The Director of Information Systems and Technology is responsible for the application of this policy.

Failure to use IT Resources in an acceptable manner may lead to the termination of access to computing services, shutdown of computer account(s), expulsion from Vanier computer facilities, and other possible losses of privileges as well as the possibility of further disciplinary action by the College under any of its relevant policies and/or referral to legal and law enforcement agencies.

The users are responsible for seeking training from the College if they are unclear about how to go about meeting these responsibilities.

6. REVIEW PERIOD

This Acceptable Use Policy may be issued, reviewed and updated, if necessary, on an annual basis.

This Policy shall be reviewed at least once each 5 years, or sooner if required.

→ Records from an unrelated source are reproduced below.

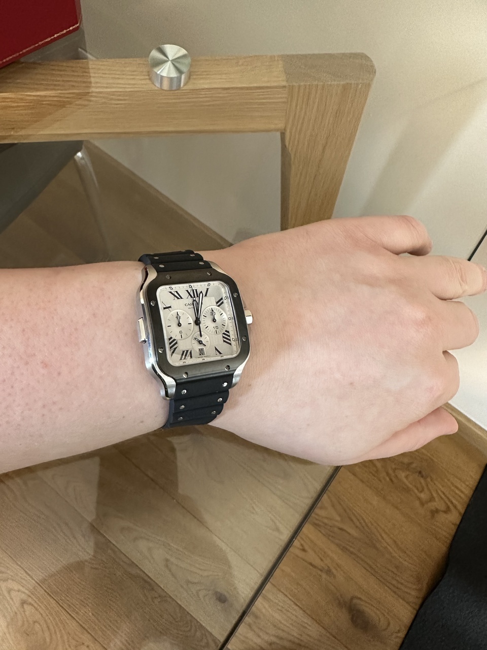 Не рассуждайте на цифрах, нужно примерять. Квадратные часы крупнее круглых в том же диаметре. Например TANK MC очень крупные часы несмотря на заявленные размеры.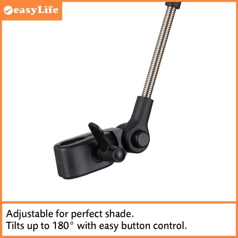 - EASILY ADJUSTABLE AND ATTACHABLE - as well as an easy-to-use button to adjust the position up to 180°, and an auto-release button, this sun umbrella features a universal clamp that allows you to firmly attach it to chairs, loungers tables and more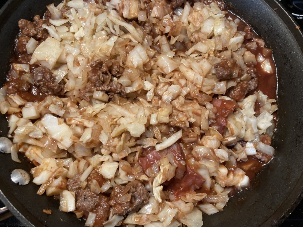 Unconstructed Stuffed Cabbage.* In a large skillet fry 8 oz of beef bacon+ cut in 1” pieces over a medium heat until crisp and browned. Remove and set aside.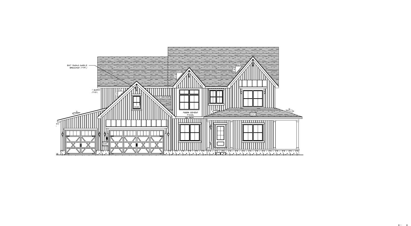 make as photorealistic as possible while keeping textures the same as selection professional landscaping in a lightly wooded scene with good lighting white siding black shingle roof black windows to match plan black front door the side porch is open no porch railing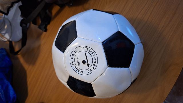 Balón de fútbol clásico blanco y negro, talla 5. - Fabricado en P.R.C. - Presión recomendada: 0.4-0.6 bar (6-9 psi).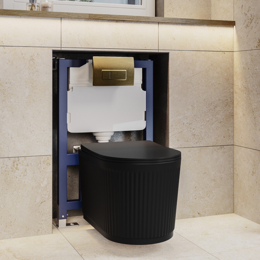 Short 820mm Pneumatic Fixing Frame and Cistern: This set includes the 820mm pneumatic fixing frame and cistern, providing a secure, space-saving solution that allows for easy installation and durability. The flush is finished in brushed brass to match your bathroom theme.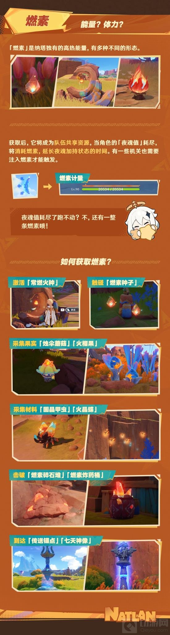「燃素」是一种队伍共享资源,它能够为纳塔角色补充「夜魂值」,延长夜魂加持状态的时间。燃素可以通过多种途径获取,包括激活「常燃火种」、触碰「燃素种子」、采集特定植物如「烛伞蘑菇」和「火榴果」、采集特殊生物如「固晶甲虫」和「火晶蝶」、击破「燃素碎石堆」和「燃素炸药桶」等。此外,到达「传送锚点」和「七天神像」也可以获得燃素。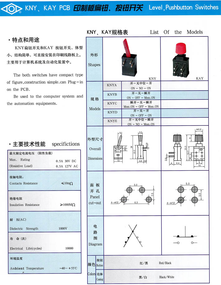 • KAY印制板按鈕KNY扁鈕開關 產(chǎn)品型號:KAY印制板按鈕KNY扁鈕開關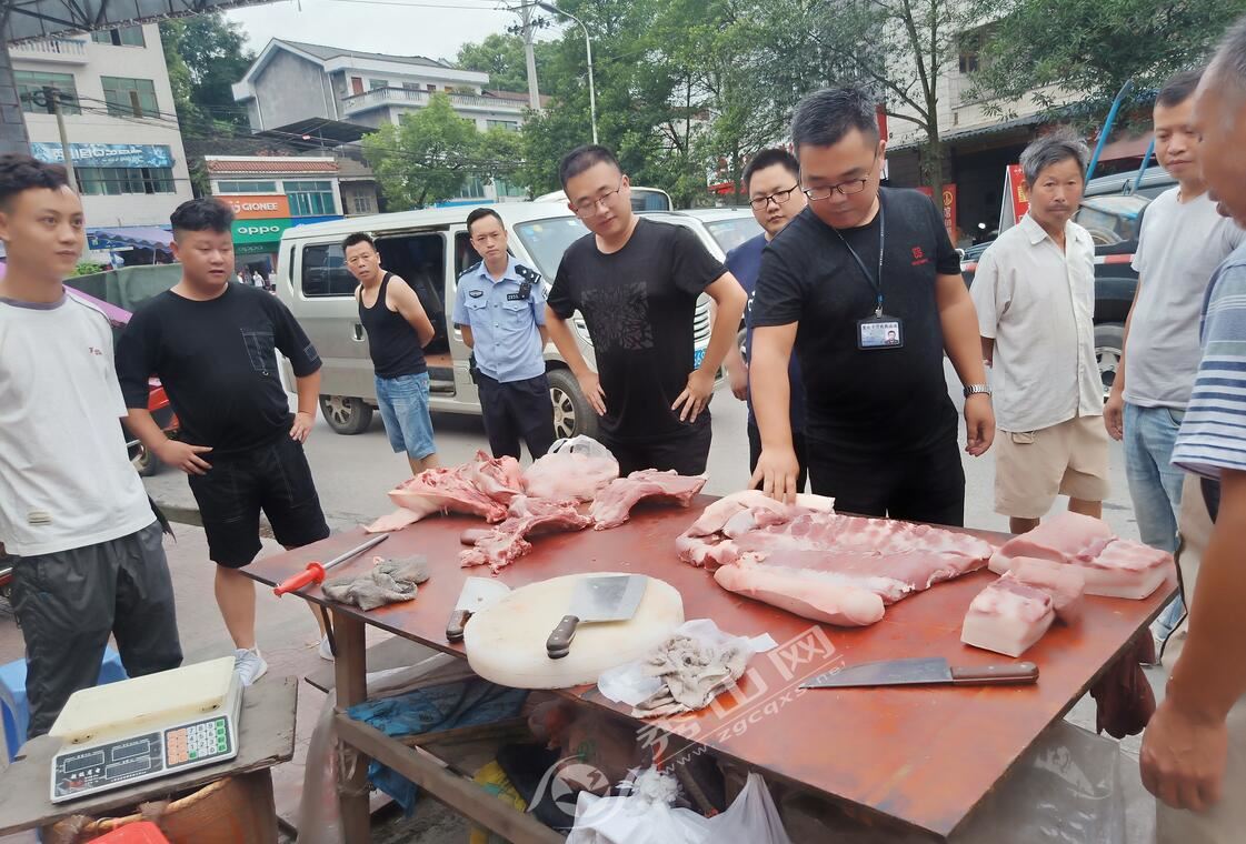 秀山網(wǎng)訊 7月24日上午,石耶鎮(zhèn)人民政府組織鎮(zhèn)食藥監(jiān)、畜牧站聯(lián)合石耶鎮(zhèn)派出所、梅江市場監(jiān)督管理所對石耶農(nóng)貿(mào)市場、隆福超市以及各村(居)共14家經(jīng)營攤戶1600余斤豬肉產(chǎn)品開展“白板肉”專項整治行動。
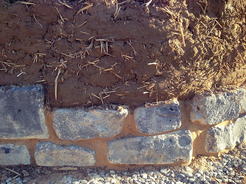 On the inside you can see regular red bricks, these were used to widen the foundation to accommodate the cob walls. Regular bricks are much cheaper than blue stone, & will be covered once the floor is layed :)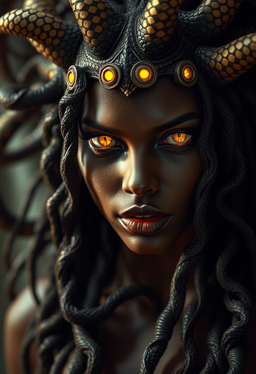 Modern, 2020s, detailed cinematic shot from, realistic cinematic scene, dark brown woman portrays Medusa, the gorgon woman with writhing snake hair, full lips glowing yellow eyes, no pupils, Intricate, Sharp focus, Highly detailed, Fantasy, Trending on Artstation, Digital painting, Dark lighting, ominous mood., realistic Medusa high saturation, Bright, Vibrant, full of action, Very stylish, full body shot of showing detailed intricate work, shot in the style of wes anderson and stephen king, oscar winning photography, striking image captures, meticulous attention, stunning costume design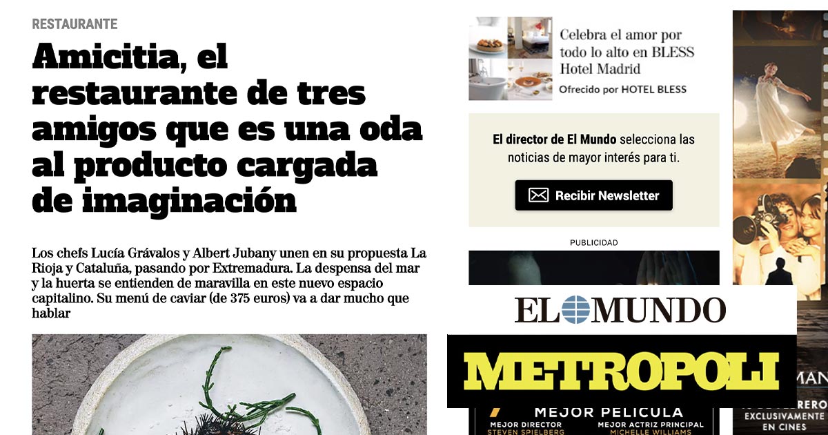 La suma puede superar el resultado matemático y convertirse en algo más grande en fondo y forma; así es Amicitia para El Mundo. El diario nacional aplaude la llegada de Amicitia a la capital como un restaurante que defiende el producto local.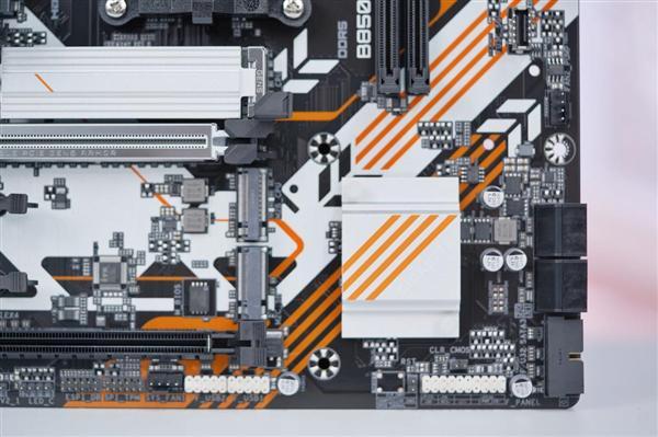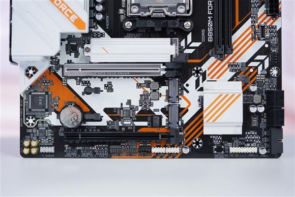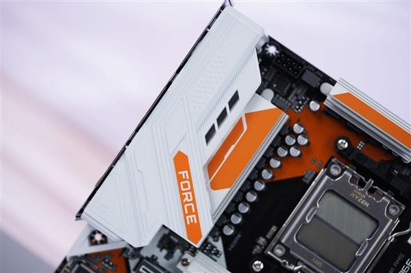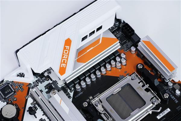 技嘉B850M FORCE WIFI6E主板以标准M-ATX板型为基础,采用经典黑橙白三色撞色设计,兼顾紧凑机身与视觉冲击力,成为中端装机方案的性价比之选。

Appendix A: Examples of unethical and unlawful use of Vanier IT resources

Category Actions
Security Breach Access to computing resources without authorization
Release of passwords or other confidential information
Reading, obtaining copies of, or modifying data files, programs or passwords belonging to other computer users without the permission of those users.
Providing the use of a personal account and password to unauthorized persons.
Developing or using programs such as malware, or viruses that damage software or hardware components.
Property Damage and/or Service Disruption Physical damage to computer resources
Causing, directly or indirectly, excessive strain on the computer facilities or unwarranted or unsolicited interference with other users. Examples: chain email letters, spamming unsolicited bulk e-mail, and so on.
Using IT resources such as the Internet, electronic mail, WWW, and bulletin boards to display, download or send fraudulent, harassing, hateful or obscene material.
Developing or using programs that harass other users
Harassment Contravening Laws and Regulations of any sort, including copyrights and all forms of Intellectual Property rights
Copyright Breaching the terms and conditions of a software licensing agreement.
Other Contravening Vanier College’s posted rules and regulations of use of departmental computer labs or facilities. Examples: game playing, consumption of food, instant messaging.
Use of any Vanier College IT resources for a commercial purpose: This also includes transmitting unsolicited commercial messages and/or unsolicited installation of a computer program in the course of a commercial activity and/or personal advertisements via any electronic transmission method by using College’s computer systems/resources or resources contracted by the College, such as Omnivox, MIA, Clara, etc. and any other activity that is in violation of applicable Canadian or Quebec law, such as the Canadian Anti-Spam Law.